Wine Store Websites Are Terrible

Thanks for your thoughts, Doug and Julian. That really brings home some of the challenges. To be clear, except in truly egregious cases like listing purely phantom inventory, I do not fault the wine stores for what they’ve got. Very few stores have the ability to program their own sites, and most are doing the best they can with what they have. In addition, probably very few people order wine online in the first place (the people who use this board are not the typical consumer, to say the least). Especially when you involve shipping, it just makes no sense to ship a bunch of $8 wines across the country.

I raise this now because with the pandemic, I’ve seen a lot of stores who didn’t used to do much in the way of internet sales (or any) scramble to get their inventory up online. Now that consumers have started shopping for wine online, it may be something they continue to do and those retailers with better sites will be at a competitive advantage. You would think that even if it isn’t feasible for any one retailer to invest heavily in this that COVID should be a kick in the pants to the industry and specifically the upstream players to coordinate better on programming and UPCs. Maybe that’s too much to ask but it seems like that could benefit everyone in the long run.

But the stores most of us are complaining about DO do a lot of their business online. Which is why it’s so bizarre that their sites are so bad.

In many, many industries, businesses rent industry-specific, off-the-shelf software. I edited a lot of stories about private equity firms investing in such software companies in the mid-2000s. They’re nice businesses, because if they produce a good product, the customer base is loyal and it’s expensive to change products. (I remember one that leased software for auto-body shops to process insurance claims – a useful, specialized product that it would never be practical for a single body shop to develop.)
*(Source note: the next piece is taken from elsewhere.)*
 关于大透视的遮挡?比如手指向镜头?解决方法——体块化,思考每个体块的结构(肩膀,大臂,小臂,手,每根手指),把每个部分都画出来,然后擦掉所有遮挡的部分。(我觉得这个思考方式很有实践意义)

So no halfway competent management is going to find itself with software worth more than the business. You just rent it.

I don’t know if such products exist for wine retailers. Sadly, it looks like too many sites are DIY/one-off efforts.

It’s a pretty simple matter of contract-drafting to protect the store in the second case. You negotiate to get the software for free or cheap if you help the developer. Or you insist on a share of sales or a royalty or some payment for your contributions. Or both. You just have to come up with a financial arrangements that work for both parties and you memorialize it. Business owners and lawyers do that every day.
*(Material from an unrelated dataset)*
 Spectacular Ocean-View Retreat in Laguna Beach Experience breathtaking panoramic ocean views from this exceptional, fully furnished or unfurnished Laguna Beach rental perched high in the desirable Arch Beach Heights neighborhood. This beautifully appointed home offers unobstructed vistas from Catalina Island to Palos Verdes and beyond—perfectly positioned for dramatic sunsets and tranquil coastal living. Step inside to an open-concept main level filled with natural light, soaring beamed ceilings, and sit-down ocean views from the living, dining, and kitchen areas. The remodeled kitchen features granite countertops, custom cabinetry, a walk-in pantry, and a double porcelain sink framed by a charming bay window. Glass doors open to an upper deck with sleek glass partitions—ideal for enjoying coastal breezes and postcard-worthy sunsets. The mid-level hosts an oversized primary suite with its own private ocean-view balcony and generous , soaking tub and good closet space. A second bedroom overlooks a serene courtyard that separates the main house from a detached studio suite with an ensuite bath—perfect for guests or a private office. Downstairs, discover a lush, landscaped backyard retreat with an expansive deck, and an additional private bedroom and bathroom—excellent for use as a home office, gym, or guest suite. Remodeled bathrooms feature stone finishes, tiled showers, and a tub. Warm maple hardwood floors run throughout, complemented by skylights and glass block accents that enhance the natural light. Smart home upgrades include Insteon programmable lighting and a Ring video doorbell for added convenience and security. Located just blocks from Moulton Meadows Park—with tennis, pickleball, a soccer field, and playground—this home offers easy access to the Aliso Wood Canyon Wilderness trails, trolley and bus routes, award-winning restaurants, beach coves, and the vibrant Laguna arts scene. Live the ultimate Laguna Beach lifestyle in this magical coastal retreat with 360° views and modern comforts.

That is a good point. The websites of the dozen (at most I would say) wine stores that truly sell nationally do need improvement. But even they are very small businesses compared to other retailers. (And even some major national retailers still have, I would argue, poor sites - anyone been to macys.com recently?). It’s a lot more work than most folks realize to have a real time, inventory tracking system that is also reflected (in real time) on a website. It has been a few years since I worked in retail but inventory management is difficult and, while it has improved the last few years, it is still a lot of work. And then tying to the website is a whole other thing. It would be great if wine retailers had better websites, but I understand why it is tough for them to be like they are. (Fun detour - looks t Amazon’s website 10 years ago in web archives. What a strange, weird detour that is).

That’s always been an issue with various websites, far from just wine. Facebook will shuffle the order and presence of notifications, for example. I just standardly have 2 windows open and drag the item from the master window on the left to this here window on the right where this thread is (and this second tab to post this response, while not losing my place reading the thread).
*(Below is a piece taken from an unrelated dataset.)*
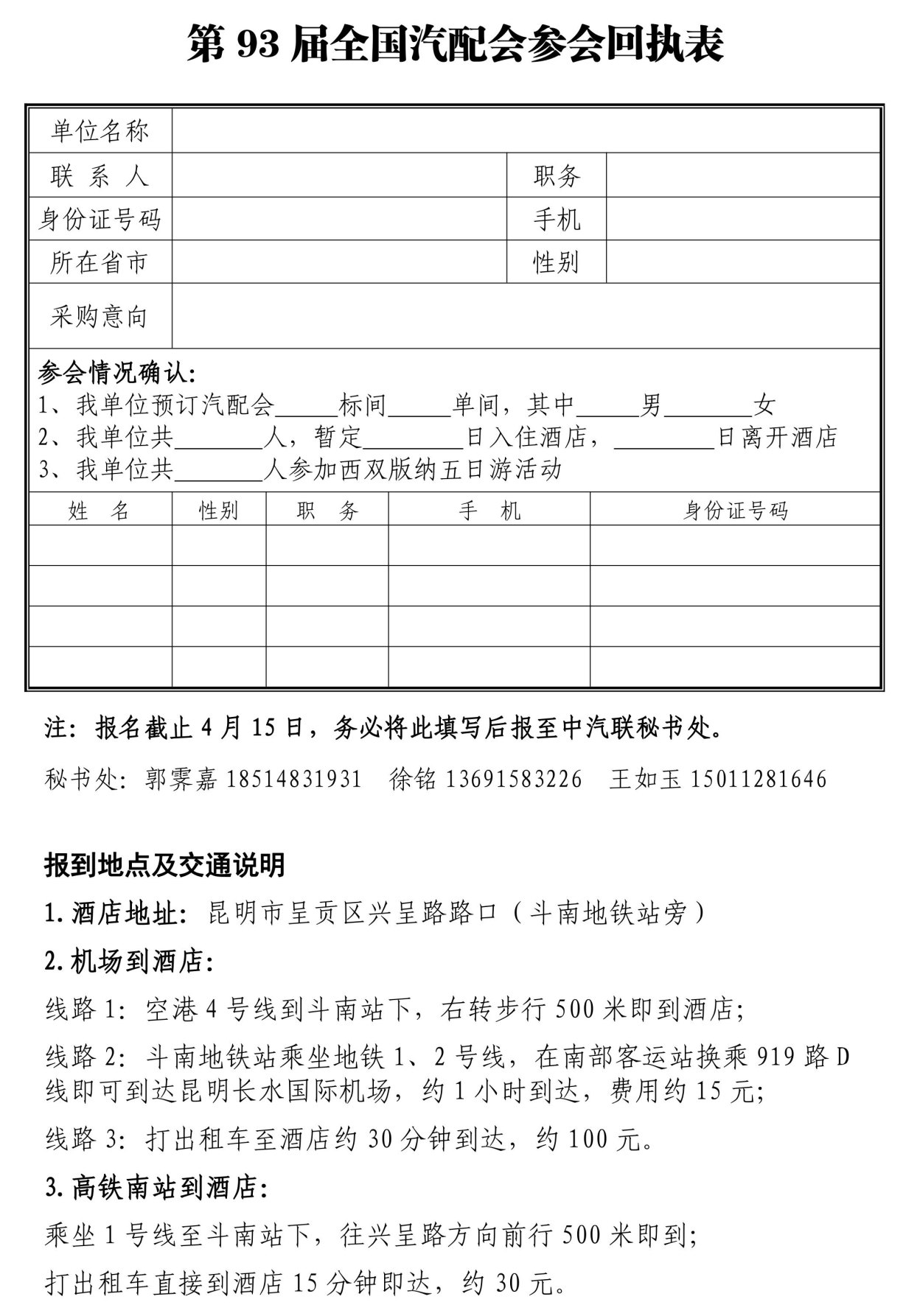 關(guān)于昆明第93屆全國(guó)汽車配件交易會(huì)的參會(huì)通知

yeah, i end up doing a lot CTRL- clicks on sites like JJBuckleys, which is one of the most annoying to me. it is especially annoying for this due to the lack of page numbers. you just have to keep scrolling and waiting for more items to load 15 at a time. makes an activity like scrolling through their burgundy collection exceedingly annoying to have to repeat halfway through.

This is something we are trying to fix. PM me if you’d like a demo or have any strong opinions on features you would like.

Two of our local wineshops have sites with A LOT to be desired. Filter on region=burgundy and I get a slew of CA wines… One had a 20% off of everything in stock this past sunday, however, i cannot peruse what might interest me as he does not have any inventory online. At least post a weekly pdf with your inventory! A third wineshop just enabled online shopping about 2 months ago, they have a few hiccups, but I applaud what they have done.

You can exclude out of stock options in your search results on wine.com (just click a little box). Also, the out of stock issue is an issue with wine-searcher, not wine.com. Wine-searcher seems to assume that each website has a single warehouse from which they ship out all of their inventory. However, wine.com’s warehouses are regional, and what you see in CA is not the same as what you see in NY.

Agree KandL has a pretty good engine with an early 2000s look and feel. Also agree the comments mentioning wine-searcher is your real entree to most retail sites.

I wish stores had the search and save options of Acker’s or HDH’s auction apps. They are unparalleled out there. I also have a soft spot for “just give me a big spreadsheet so I can comb through your inventory.”